With the exception of North Korea, China’s neighbours are clamouring for a stronger US presence in the region. As the quip goes, Mr Xi talks like Deng Xiaoping – who opened China to the world – but acts like Mao Zedong, the imperial strongman. Countries that were once wary of military ties with the US, such as Vietnam, India and the Philippines, are now openly courting it. Mr Obama’s pivot means 60 per cent of America’s military resources will be deployed in the Pacific – against the old 50:50 split with the Atlantic.
Likewise, China’s economic outlook is far less bullish than when Mr Obama last visited – and US growth is finally picking up speed. One of his aims this week will be to push ahead with the Transpacific Trade Partnership – an 11-country grouping that covers well over half the world’s economy. China has not been invited to join TPP. Some in Beijing see it as the economic dimension to US encirclement. If Mr Obama could clinch a deal with Japan and other participants, it would cement his “Asia rebalancing”. On paper, it looks possible.
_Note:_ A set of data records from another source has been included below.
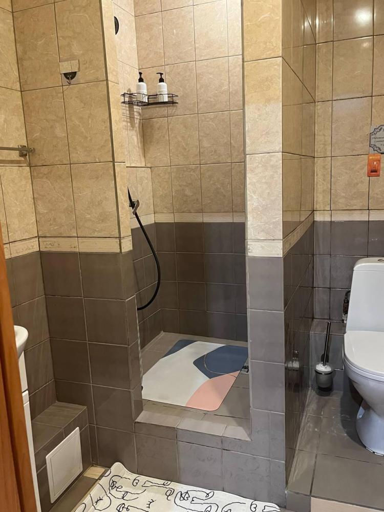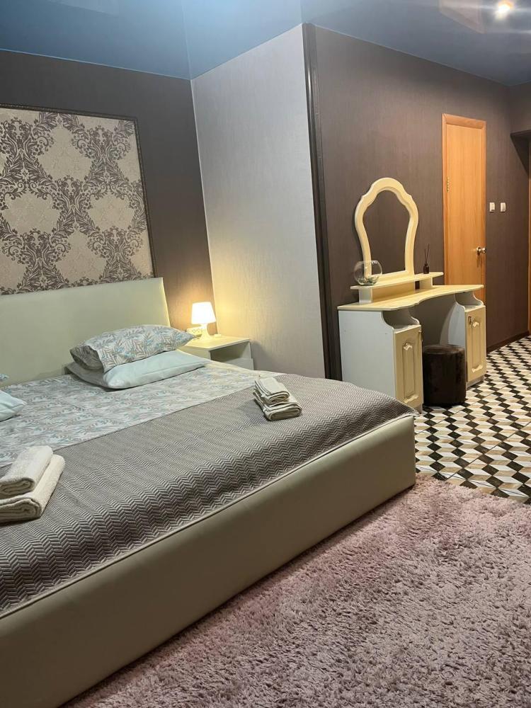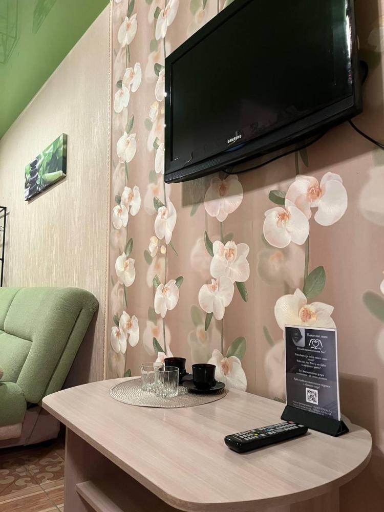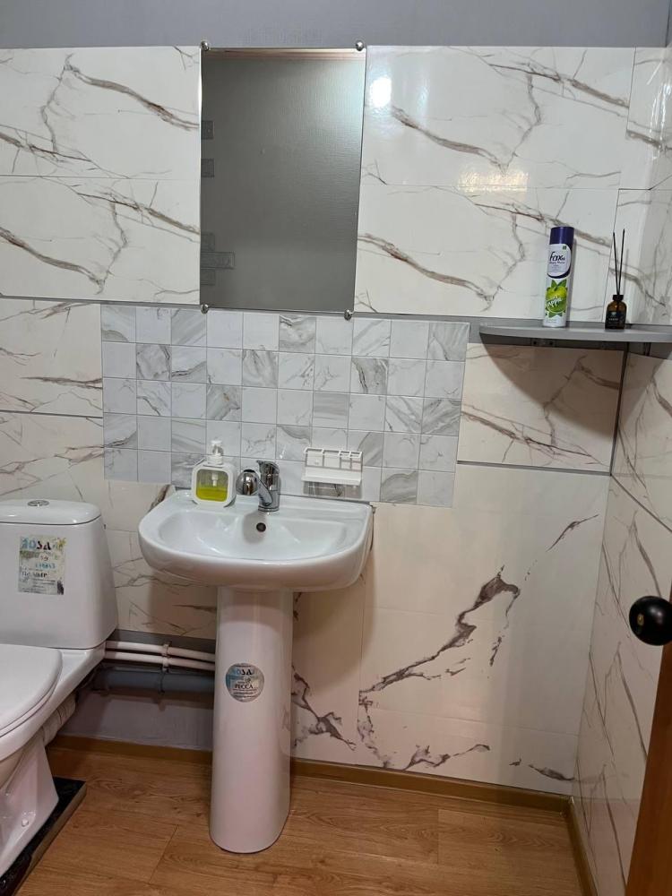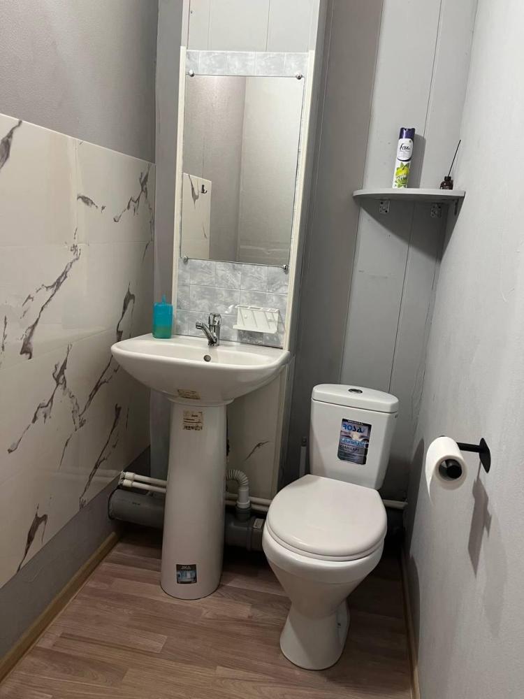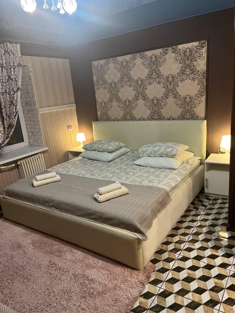 Номер укомплектован двуспальной кроватью с удобным матрасом, прикроватными тумбами, столиком, стульями, большим плазменным телевизором. В номере предусмотрена туалетная комната без душа. Душ на этаже!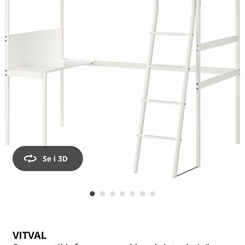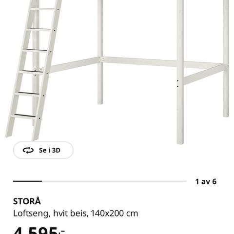 IKEA loftseng i hvit utførelse. Sengen har stige på siden og høye ben som gir god plass under sengen til oppbevaring, skrivepult eller lekeområde. Passer til standard madrass for enkeltseng (ikke inkludert). Egnet for barnerom eller rom der man ønsker å utnytte gulvplassen under sengen.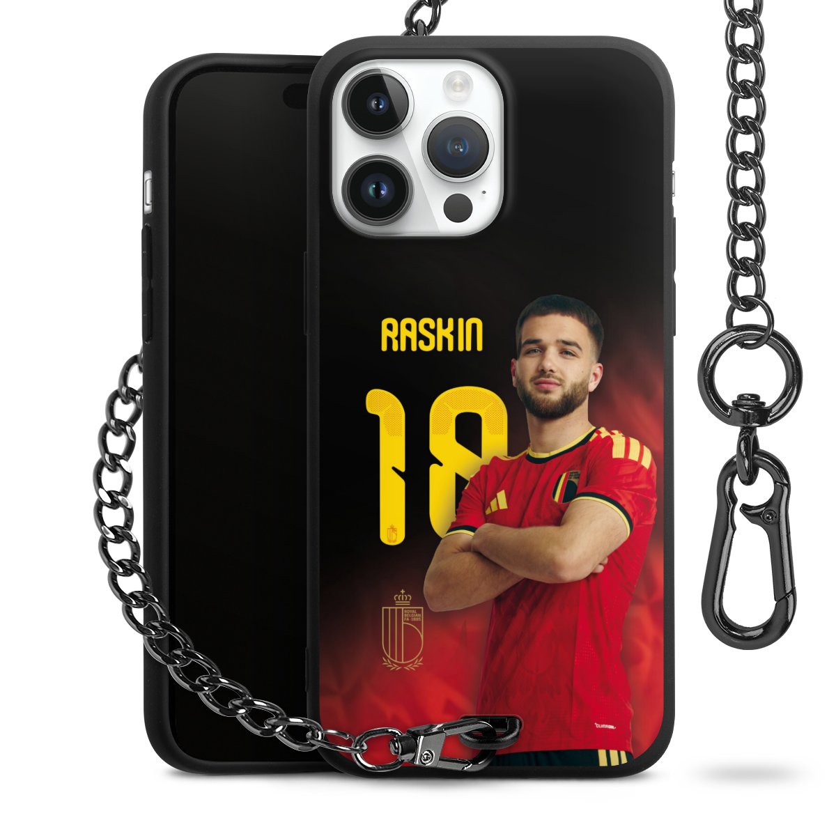 Die mattschwarze Silikon-Handyhülle besteht aus robustem TPU (thermoplastisches Polyurethan). Sie ist flexibel und schützt Dein Smartphone vor Stößen und Kratzern. Die Kette sowie der Karabinerhaken sind aus Metall in Gunmetal-Optik gefertigt. Für dieses Produkt kommen ausschließlich TÜV-geprüfte Materialien zum Einsatz.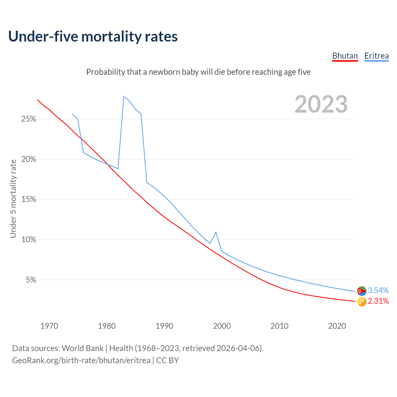 The chance that a newborn baby will die before reaching age five is 2.31% in Bhutan and 3.54% in Eritrea. Above is a chart with historical data on under-five mortality rates.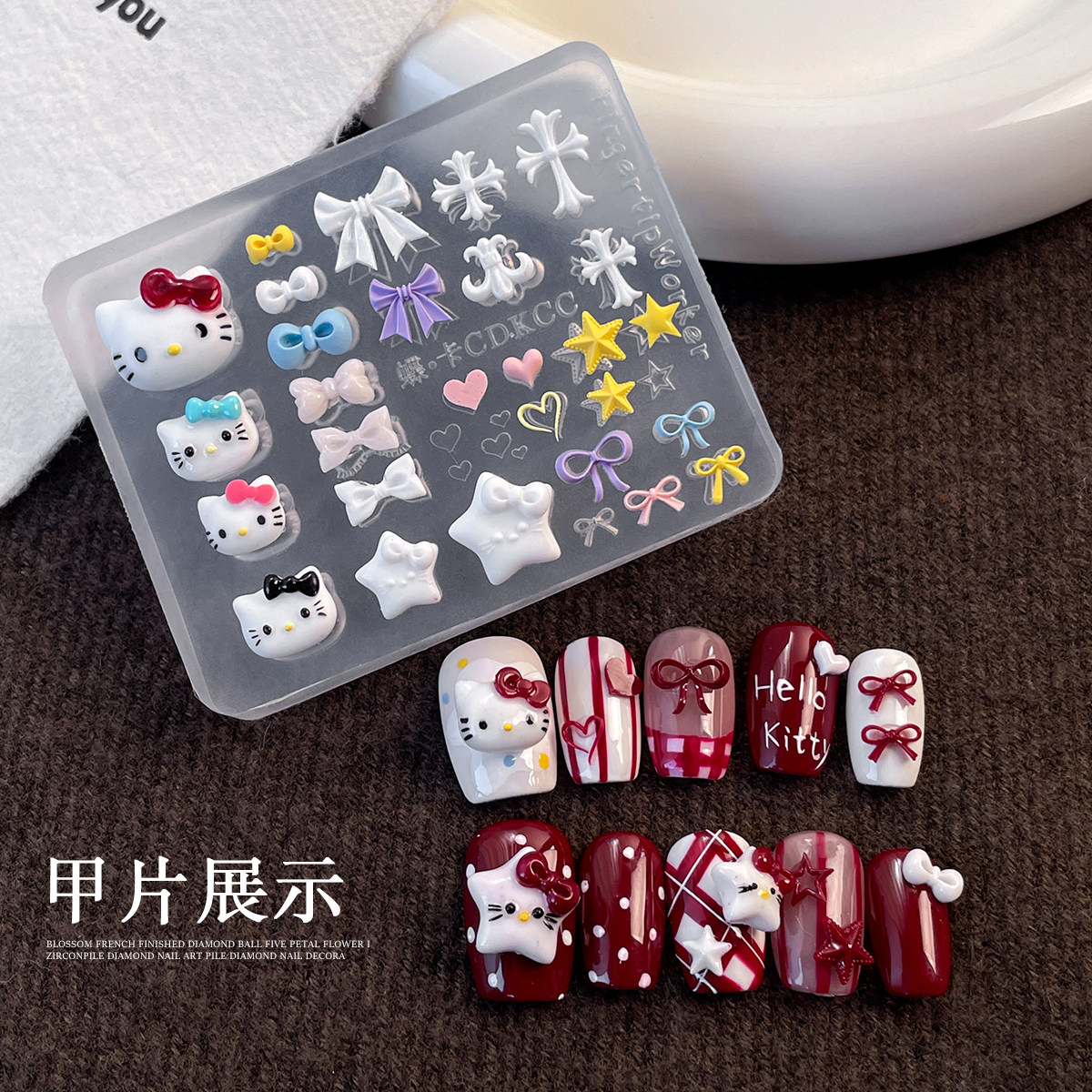 ✨外观细节:这款模具的设计简直太可爱了!KT猫的形象栩栩如生,立体硅胶材质,不仅耐用,还超级适合做美甲!还有那独特的雕花图案,让指甲瞬间变得与众不同。每次看到它,我都忍不住想入手。😍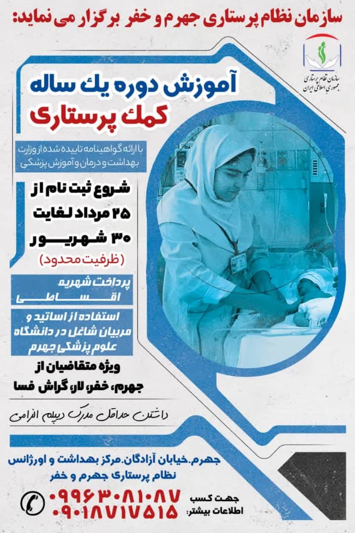 سازمان نظام پرستاری کشوری با تایید وزارت بهداشت و درمان و آموزش پزشکی مهلت ثبت نام تا 30 شهریور جهت ثبت نام ...جهرم.خیابان آزادگان.جنب ساختمان بهداشت و اورژانس.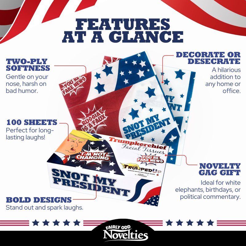 - Make Novelties great again! - Whether you're in the maga crowd or firmly against it, This box of tissues is the perfect Presidential novelty item!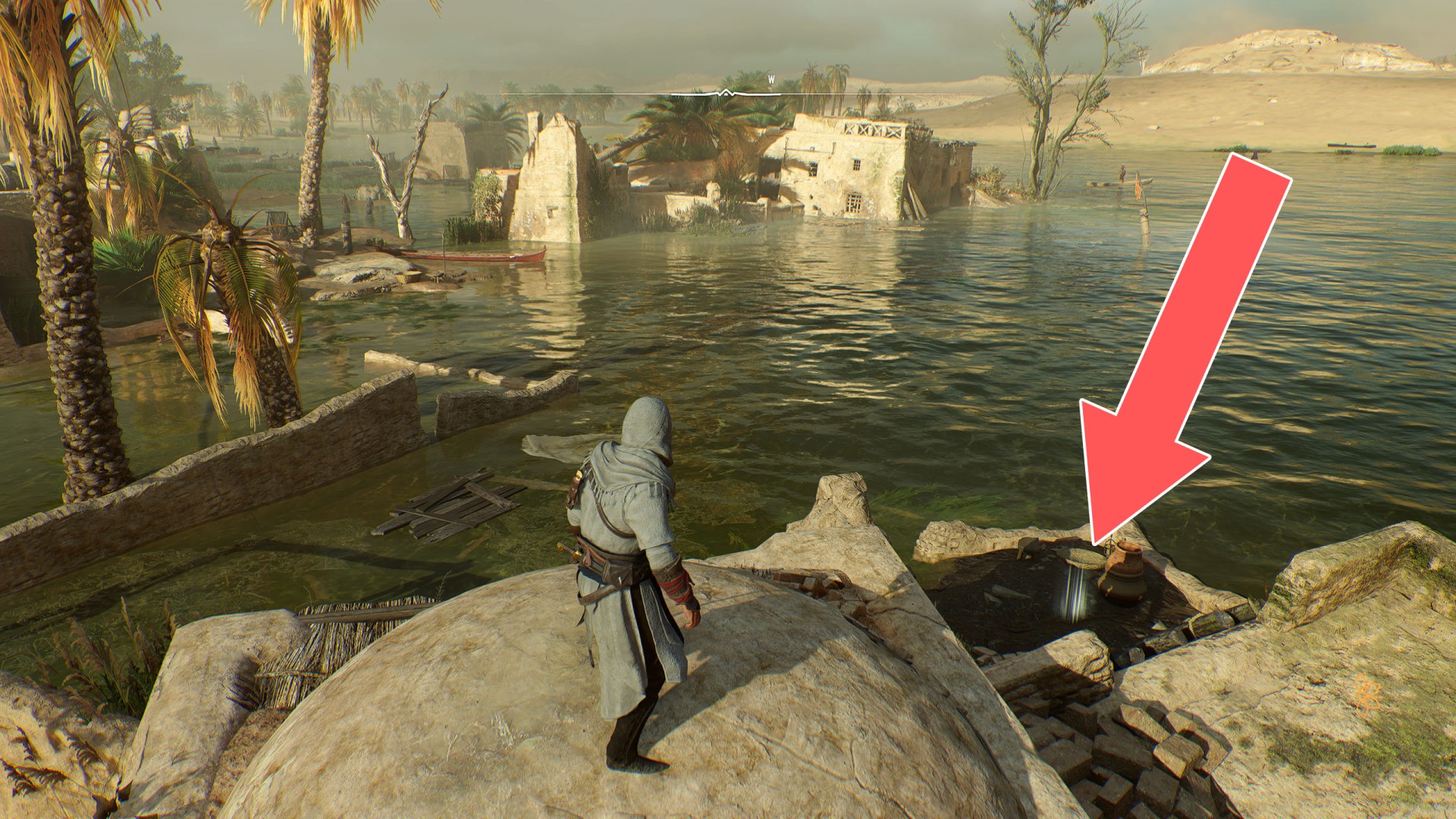 You'll find it among the ruins near a granary with a white-painted top. It contains Gold Hidden One Outfit Dye.

In practice it is unlikely.
This is where his domestic weakness really bites. Little headway has been made in the Pacific talks because Congress has refused to give Mr Obama fast-track negotiating authority. That was with the Democrats in charge. Republicans will assume control of the US Senate in January. Mr Obama’s strategy is to strike a deal and only then ask Congress for fast-track authority. Until now it was always the other way round. Meanwhile, Congress has granted fast track for only five of the 20 years since Bill Clinton negotiated the North American Free Trade Agreement. It is optimistic to think Mr Obama will have a better chance of persuading Republicans to write him a blank cheque after last week’s defeat. The Tea Party’s goal, after all, is to close down his “imperial presidency”.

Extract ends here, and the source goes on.